I don’t know the difference between a type and a category, or type theory and category theory, but I want to learn. Here’s a concept for you. Right now, in Orly, any single neo4j node probably has lots of information stored in multiple properties. Basically an entire nostr event, for the Event nodes. I have an idea that any given node can be “exploded”, or unpacked, or whatever we call it, which means we take the information in the node and put it into the graph. Which means it doesn’t need to be in the node anymore. Example: instead of each Event node having a tags property, we have Tag nodes (this is all stuff you’ve already built, of course). But here’s the question: how far can we take this process? Can we end up with a graph that is nodes and edges with *no data* inside any given node or edge? Other than — perhaps — a uuid? Or maybe instead of a uuid, a locally unique id? Suppose we call this state a “fully normalized” graph db. Will there be heuristics for when we desire full normalization and when we’ll want to break normalization, from a practical perspective? Like it’s more performant to retrieve tags when they’re packed as a property into an Event node than if we have to do a lot of cypher path queries?

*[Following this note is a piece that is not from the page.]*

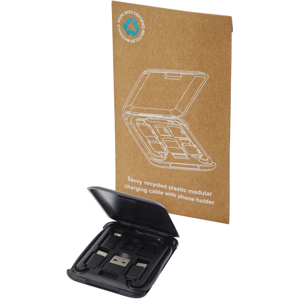 Savvy moduláris töltőkábel telefontartóval, fekete

Reading you document … Part 4: Concept Lattice Seems closely related to the notion of a Concept, as defined by class threads in tapestry theory: a concept is the set of all nodes and edges traversed by the set of all class threads that emanate from a single node. So if the node is Widget, then an example of a class thread emanating from that node would be:. A second class thread might exist that starts and ends at the same nodes but traverses different subsets, eg: widget—>widgets—>round widgets—>my widget So class threads create a DAG that organizes things into sets and subsets. Which I think a lattice does too, right? The most important aspect of class threads is that the class header node (widget) and the superset node (widgets) must be distinct. The temptation is to merge them together into one node for the sake of simplicity, but that would be a mistake; you have to keep them separate if you want to integrate concepts the way that tapestry theory allows you to do. Seems like a mundane detail, but it’s important.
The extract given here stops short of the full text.